The worship of Adonis is associated with the festival of Adonia, which was celebrated by Greek women every year in midsummer. The festival, which was evidently already celebrated in Lesbos by Sappho's time in the seventh century BC, seems to have first become popular in Athens in the mid-fifth century BC. At the start of the festival, the women would plant a "garden of Adonis", a small garden planted inside a small basket or a shallow piece of broken pottery containing a variety of quick-growing plants, such as lettuce and fennel, or even quick-sprouting grains, such as wheat and barley. The women would then climb ladders to the roofs of their houses, where they would place the gardens out under the heat of the summer sun. The plants would sprout in the sunlight, but wither quickly in the heat. While they waited for the plants to first sprout and then wither, the women would burn incense to Adonis. Once the plants had withered, the women would mourn and lament loudly over the death of Adonis, tearing their clothes and beating their breasts in a public display of grief.

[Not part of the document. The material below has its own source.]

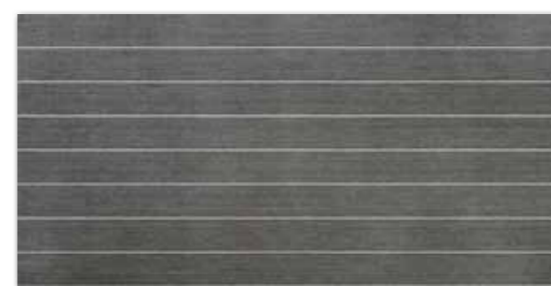
QF1644 Hangar Frames Black Rett. 45x90_17 11/16 "x35 7/16 " 80

The women would lay a statuette of Adonis out on a bier and then carry it to the sea along with all the withered plants as a funeral procession. The festival concluded with the women throwing the effigy of Adonis and the withered plants out to sea.

== Mythology ==
=== Birth ===
While Sappho does not describe the myth of Adonis, later sources flesh out the details. According to the retelling of the story found in the poem Metamorphoses by the Roman poet Ovid (43 BC – AD 17/18), Adonis was the son of Myrrha, who was cursed by Aphrodite with insatiable lust for her own father, King Cinyras of Cyprus, after Myrrha's mother Cenchreis bragged that her daughter was more beautiful than the goddess. It was to her nurse that, with much reluctance, Myrrha revealed her shameful passion. Sometime later, during a festival in honour of Demeter, the nurse found Cinyras half-passed out with wine and Myrrha's mother nowhere near him. Thus, she spoke to him of a girl who truly loved him and desired to sleep with him, giving her a fictitious name and simply describing her as Myrrha's age. Cinyras agreed, and the nurse was quick to bring Myrrha to him. Myrrha left her father's room impregnated. After several couplings, Cinyras discovered his lover's identity and drew his sword to kill her; driven out after becoming pregnant, Myrrha was changed into a myrrh tree but still gave birth to Adonis. According to classicist William F. Hansen, the story of how Adonis was conceived falls in line with the conventional ideas about sex and gender that were prevalent in the classical world, since the Greeks and Romans believed that women, such as Adonis's mother Myrrha, were less capable of controlling their primal wants and passions than men.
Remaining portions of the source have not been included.